Without the pictures, give the entries below again exactly as written.

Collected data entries

········

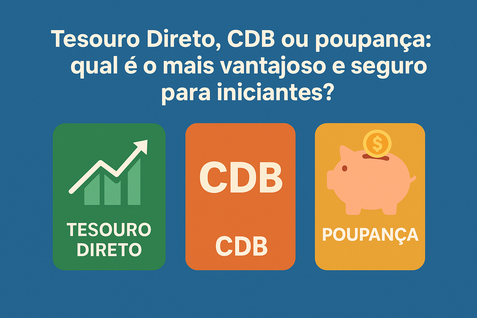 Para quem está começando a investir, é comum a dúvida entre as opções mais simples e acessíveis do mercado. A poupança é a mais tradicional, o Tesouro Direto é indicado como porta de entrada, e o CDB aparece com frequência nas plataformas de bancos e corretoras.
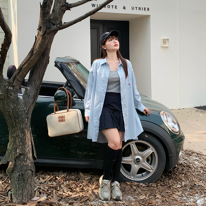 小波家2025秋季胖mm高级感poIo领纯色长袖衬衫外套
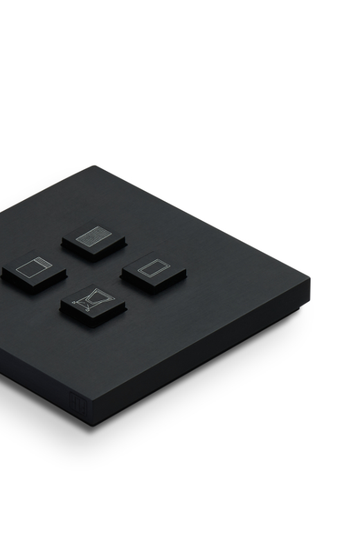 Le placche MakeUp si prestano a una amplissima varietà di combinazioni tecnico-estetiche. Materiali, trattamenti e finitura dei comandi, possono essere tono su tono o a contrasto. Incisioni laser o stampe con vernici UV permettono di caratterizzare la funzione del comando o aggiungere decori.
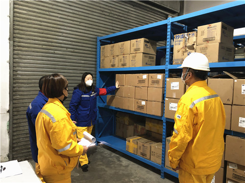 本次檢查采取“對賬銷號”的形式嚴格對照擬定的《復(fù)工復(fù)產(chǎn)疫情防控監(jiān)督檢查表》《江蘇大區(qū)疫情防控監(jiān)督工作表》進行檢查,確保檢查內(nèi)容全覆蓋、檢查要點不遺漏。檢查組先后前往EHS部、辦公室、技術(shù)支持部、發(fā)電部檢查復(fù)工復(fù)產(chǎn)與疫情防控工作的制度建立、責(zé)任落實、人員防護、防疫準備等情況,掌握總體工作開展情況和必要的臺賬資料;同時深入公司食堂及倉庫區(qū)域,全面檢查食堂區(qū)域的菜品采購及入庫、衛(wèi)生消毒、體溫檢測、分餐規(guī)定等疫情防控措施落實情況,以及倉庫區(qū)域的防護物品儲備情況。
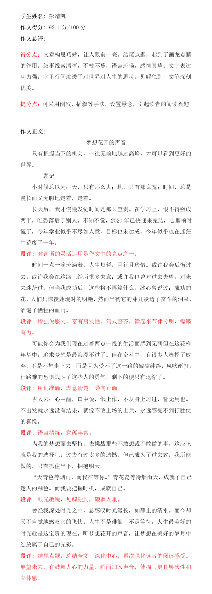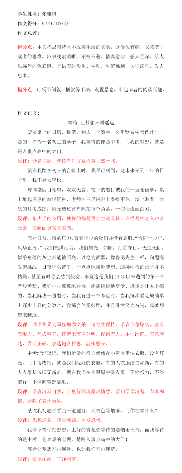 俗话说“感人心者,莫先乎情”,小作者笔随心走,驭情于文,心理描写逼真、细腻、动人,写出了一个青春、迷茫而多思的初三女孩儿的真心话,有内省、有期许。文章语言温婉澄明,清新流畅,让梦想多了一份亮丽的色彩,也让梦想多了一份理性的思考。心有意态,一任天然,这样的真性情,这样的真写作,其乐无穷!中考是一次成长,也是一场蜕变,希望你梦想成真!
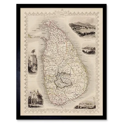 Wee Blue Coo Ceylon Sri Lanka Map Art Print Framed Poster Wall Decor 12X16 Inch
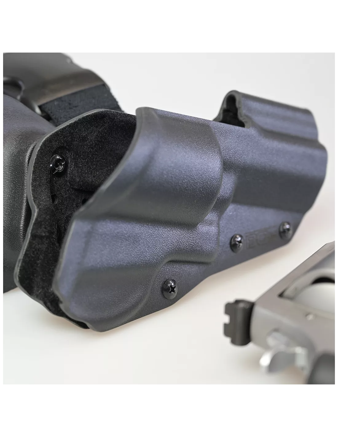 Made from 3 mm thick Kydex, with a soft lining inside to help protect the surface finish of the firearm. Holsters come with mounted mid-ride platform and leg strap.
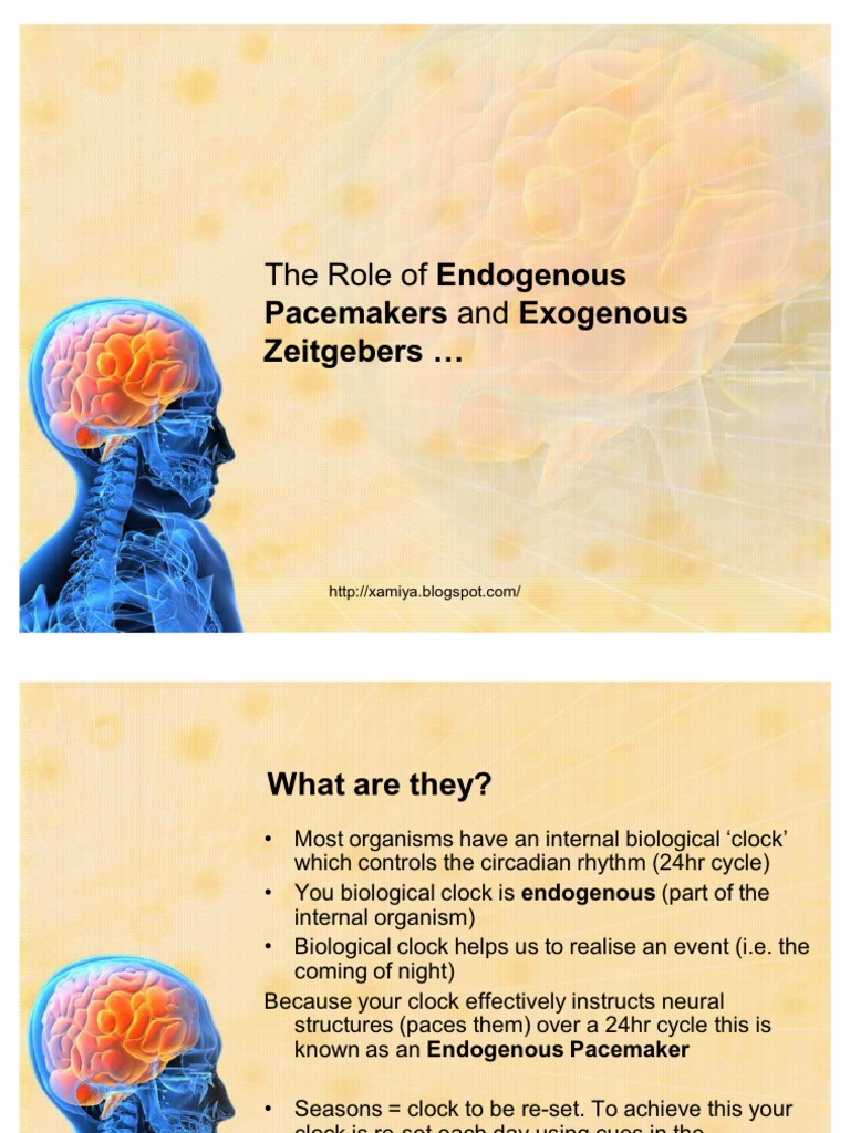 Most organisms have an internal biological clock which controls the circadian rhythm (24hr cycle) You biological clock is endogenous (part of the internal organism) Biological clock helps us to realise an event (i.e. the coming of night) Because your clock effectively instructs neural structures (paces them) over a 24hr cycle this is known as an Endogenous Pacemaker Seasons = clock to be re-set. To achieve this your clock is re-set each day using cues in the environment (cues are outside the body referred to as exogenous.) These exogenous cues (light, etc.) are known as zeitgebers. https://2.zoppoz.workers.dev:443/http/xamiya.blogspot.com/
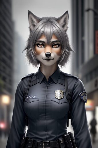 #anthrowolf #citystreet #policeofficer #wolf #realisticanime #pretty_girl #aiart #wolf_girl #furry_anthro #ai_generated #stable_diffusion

········

→ **TASK SOLUTION**:
 Para quem está começando a investir, é comum a dúvida entre as opções mais simples e acessíveis do mercado. A poupança é a mais tradicional, o Tesouro Direto é indicado como porta de entrada, e o CDB aparece com frequência nas plataformas de bancos e corretoras.
 小波家2025秋季胖mm高级感poIo领纯色长袖衬衫外套
 Le placche MakeUp si prestano a una amplissima varietà di combinazioni tecnico-estetiche. Materiali, trattamenti e finitura dei comandi, possono essere tono su tono o a contrasto. Incisioni laser o stampe con vernici UV permettono di caratterizzare la funzione del comando o aggiungere decori.
 本次檢查采取“對賬銷號”的形式嚴格對照擬定的《復(fù)工復(fù)產(chǎn)疫情防控監(jiān)督檢查表》《江蘇大區(qū)疫情防控監(jiān)督工作表》進行檢查,確保檢查內(nèi)容全覆蓋、檢查要點不遺漏。檢查組先后前往EHS部、辦公室、技術(shù)支持部、發(fā)電部檢查復(fù)工復(fù)產(chǎn)與疫情防控工作的制度建立、責(zé)任落實、人員防護、防疫準備等情況,掌握總體工作開展情況和必要的臺賬資料;同時深入公司食堂及倉庫區(qū)域,全面檢查食堂區(qū)域的菜品采購及入庫、衛(wèi)生消毒、體溫檢測、分餐規(guī)定等疫情防控措施落實情況,以及倉庫區(qū)域的防護物品儲備情況。
 俗话说“感人心者,莫先乎情”,小作者笔随心走,驭情于文,心理描写逼真、细腻、动人,写出了一个青春、迷茫而多思的初三女孩儿的真心话,有内省、有期许。文章语言温婉澄明,清新流畅,让梦想多了一份亮丽的色彩,也让梦想多了一份理性的思考。心有意态,一任天然,这样的真性情,这样的真写作,其乐无穷!中考是一次成长,也是一场蜕变,希望你梦想成真!
 Wee Blue Coo Ceylon Sri Lanka Map Art Print Framed Poster Wall Decor 12X16 Inch
 Made from 3 mm thick Kydex, with a soft lining inside to help protect the surface finish of the firearm. Holsters come with mounted mid-ride platform and leg strap.
 Most organisms have an internal biological clock which controls the circadian rhythm (24hr cycle) You biological clock is endogenous (part of the internal organism) Biological clock helps us to realise an event (i.e. the coming of night) Because your clock effectively instructs neural structures (paces them) over a 24hr cycle this is known as an Endogenous Pacemaker Seasons = clock to be re-set. To achieve this your clock is re-set each day using cues in the environment (cues are outside the body referred to as exogenous.) These exogenous cues (light, etc.) are known as zeitgebers. https://2.zoppoz.workers.dev:443/http/xamiya.blogspot.com/
 #anthrowolf #citystreet #policeofficer #wolf #realisticanime #pretty_girl #aiart #wolf_girl #furry_anthro #ai_generated #stable_diffusion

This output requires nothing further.